* _Directions_: Please set down only the lines between the line containing "SQL Serverのインス" and the end of the records, inclusive, exactly as they stand.

::: Recorded information

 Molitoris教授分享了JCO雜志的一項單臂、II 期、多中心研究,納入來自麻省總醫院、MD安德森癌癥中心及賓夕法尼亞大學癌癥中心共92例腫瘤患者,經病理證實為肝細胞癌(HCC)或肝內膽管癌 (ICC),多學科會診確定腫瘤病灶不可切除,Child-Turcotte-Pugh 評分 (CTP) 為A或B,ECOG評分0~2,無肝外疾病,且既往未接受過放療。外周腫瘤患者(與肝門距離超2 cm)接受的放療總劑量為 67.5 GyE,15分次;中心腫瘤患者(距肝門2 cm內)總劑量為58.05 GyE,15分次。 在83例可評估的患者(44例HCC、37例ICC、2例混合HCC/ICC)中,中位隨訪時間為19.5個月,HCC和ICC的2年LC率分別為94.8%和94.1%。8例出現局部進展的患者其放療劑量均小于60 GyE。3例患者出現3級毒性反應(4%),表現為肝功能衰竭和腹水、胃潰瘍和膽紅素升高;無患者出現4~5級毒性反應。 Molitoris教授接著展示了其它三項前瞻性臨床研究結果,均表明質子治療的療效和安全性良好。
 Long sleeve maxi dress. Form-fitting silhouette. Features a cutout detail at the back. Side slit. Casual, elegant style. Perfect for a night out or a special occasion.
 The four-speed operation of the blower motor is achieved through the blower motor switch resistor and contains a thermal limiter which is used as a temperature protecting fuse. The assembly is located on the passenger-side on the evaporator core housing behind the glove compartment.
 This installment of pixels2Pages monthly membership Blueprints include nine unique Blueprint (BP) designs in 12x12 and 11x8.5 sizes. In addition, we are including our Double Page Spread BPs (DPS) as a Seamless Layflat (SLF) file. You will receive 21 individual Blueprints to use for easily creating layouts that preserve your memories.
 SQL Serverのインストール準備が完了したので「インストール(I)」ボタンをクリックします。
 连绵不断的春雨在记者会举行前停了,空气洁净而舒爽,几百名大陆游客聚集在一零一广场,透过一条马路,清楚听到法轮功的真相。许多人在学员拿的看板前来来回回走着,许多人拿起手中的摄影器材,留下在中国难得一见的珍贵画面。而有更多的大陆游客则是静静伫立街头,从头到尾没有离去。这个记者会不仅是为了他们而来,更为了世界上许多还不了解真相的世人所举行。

::::::

* _Answer space_:
 SQL Serverのインストール準備が完了したので「インストール(I)」ボタンをクリックします。
 连绵不断的春雨在记者会举行前停了,空气洁净而舒爽,几百名大陆游客聚集在一零一广场,透过一条马路,清楚听到法轮功的真相。许多人在学员拿的看板前来来回回走着,许多人拿起手中的摄影器材,留下在中国难得一见的珍贵画面。而有更多的大陆游客则是静静伫立街头,从头到尾没有离去。这个记者会不仅是为了他们而来,更为了世界上许多还不了解真相的世人所举行。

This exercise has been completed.